From the entries below, please gather each line containing the string "with".
++++++++
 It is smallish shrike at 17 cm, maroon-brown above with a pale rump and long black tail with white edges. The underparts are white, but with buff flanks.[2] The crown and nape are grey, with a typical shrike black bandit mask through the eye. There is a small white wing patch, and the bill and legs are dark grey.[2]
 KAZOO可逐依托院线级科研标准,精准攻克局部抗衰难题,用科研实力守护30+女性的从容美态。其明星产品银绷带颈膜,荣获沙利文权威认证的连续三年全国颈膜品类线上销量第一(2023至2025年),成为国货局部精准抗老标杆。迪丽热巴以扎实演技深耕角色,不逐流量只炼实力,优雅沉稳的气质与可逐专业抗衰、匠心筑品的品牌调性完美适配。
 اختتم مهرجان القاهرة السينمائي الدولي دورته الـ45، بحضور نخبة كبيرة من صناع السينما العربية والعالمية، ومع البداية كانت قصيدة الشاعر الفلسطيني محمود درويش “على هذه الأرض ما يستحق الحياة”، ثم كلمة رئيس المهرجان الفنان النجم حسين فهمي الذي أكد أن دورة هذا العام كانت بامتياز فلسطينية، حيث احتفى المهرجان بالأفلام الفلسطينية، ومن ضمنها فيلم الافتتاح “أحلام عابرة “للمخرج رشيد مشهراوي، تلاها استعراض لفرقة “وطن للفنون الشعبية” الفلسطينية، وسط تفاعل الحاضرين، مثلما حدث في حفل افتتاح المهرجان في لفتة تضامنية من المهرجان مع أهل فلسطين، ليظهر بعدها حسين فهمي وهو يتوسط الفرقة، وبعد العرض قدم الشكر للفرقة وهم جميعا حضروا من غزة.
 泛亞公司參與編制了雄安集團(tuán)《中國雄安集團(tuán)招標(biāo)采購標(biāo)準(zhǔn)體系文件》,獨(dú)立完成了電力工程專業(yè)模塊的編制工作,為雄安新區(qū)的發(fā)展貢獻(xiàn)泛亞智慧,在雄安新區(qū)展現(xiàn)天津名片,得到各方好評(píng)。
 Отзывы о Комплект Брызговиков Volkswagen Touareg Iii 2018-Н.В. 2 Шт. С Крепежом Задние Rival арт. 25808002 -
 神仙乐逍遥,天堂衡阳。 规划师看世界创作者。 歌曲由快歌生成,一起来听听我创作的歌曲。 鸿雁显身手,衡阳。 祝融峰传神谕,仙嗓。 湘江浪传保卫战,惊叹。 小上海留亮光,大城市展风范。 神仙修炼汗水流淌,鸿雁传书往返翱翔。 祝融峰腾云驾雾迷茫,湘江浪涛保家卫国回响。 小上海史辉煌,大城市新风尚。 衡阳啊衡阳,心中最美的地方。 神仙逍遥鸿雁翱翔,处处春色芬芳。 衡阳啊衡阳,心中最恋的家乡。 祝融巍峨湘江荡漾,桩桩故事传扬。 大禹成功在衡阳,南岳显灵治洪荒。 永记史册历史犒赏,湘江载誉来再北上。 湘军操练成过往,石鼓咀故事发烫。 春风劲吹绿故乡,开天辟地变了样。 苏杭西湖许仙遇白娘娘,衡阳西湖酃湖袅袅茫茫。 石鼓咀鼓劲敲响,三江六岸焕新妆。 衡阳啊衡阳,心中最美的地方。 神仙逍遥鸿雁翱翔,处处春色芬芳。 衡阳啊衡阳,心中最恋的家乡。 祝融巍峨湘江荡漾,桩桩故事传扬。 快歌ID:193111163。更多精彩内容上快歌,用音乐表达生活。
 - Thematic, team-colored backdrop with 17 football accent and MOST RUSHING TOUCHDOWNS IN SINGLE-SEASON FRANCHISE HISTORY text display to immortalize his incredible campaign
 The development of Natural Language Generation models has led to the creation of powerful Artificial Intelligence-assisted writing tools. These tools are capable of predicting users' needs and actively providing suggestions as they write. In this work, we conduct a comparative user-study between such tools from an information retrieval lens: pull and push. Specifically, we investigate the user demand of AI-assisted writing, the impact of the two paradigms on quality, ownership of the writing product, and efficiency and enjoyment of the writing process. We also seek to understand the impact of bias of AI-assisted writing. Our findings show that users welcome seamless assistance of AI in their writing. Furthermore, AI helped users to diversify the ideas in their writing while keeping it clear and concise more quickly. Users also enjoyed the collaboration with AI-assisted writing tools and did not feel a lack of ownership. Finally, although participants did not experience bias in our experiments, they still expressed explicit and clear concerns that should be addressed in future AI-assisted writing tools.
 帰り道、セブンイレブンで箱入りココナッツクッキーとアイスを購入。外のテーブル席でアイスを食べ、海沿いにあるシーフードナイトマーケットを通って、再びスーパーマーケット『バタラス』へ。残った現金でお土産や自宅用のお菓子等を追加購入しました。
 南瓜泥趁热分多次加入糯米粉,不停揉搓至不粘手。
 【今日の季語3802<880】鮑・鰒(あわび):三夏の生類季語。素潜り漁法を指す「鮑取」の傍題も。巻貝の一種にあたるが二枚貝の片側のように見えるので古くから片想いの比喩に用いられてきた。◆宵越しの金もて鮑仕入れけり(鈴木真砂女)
++++++++
Result:
 It is smallish shrike at 17 cm, maroon-brown above with a pale rump and long black tail with white edges. The underparts are white, but with buff flanks.[2] The crown and nape are grey, with a typical shrike black bandit mask through the eye. There is a small white wing patch, and the bill and legs are dark grey.[2]
 - Thematic, team-colored backdrop with 17 football accent and MOST RUSHING TOUCHDOWNS IN SINGLE-SEASON FRANCHISE HISTORY text display to immortalize his incredible campaign
 The development of Natural Language Generation models has led to the creation of powerful Artificial Intelligence-assisted writing tools. These tools are capable of predicting users' needs and actively providing suggestions as they write. In this work, we conduct a comparative user-study between such tools from an information retrieval lens: pull and push. Specifically, we investigate the user demand of AI-assisted writing, the impact of the two paradigms on quality, ownership of the writing product, and efficiency and enjoyment of the writing process. We also seek to understand the impact of bias of AI-assisted writing. Our findings show that users welcome seamless assistance of AI in their writing. Furthermore, AI helped users to diversify the ideas in their writing while keeping it clear and concise more quickly. Users also enjoyed the collaboration with AI-assisted writing tools and did not feel a lack of ownership. Finally, although participants did not experience bias in our experiments, they still expressed explicit and clear concerns that should be addressed in future AI-assisted writing tools.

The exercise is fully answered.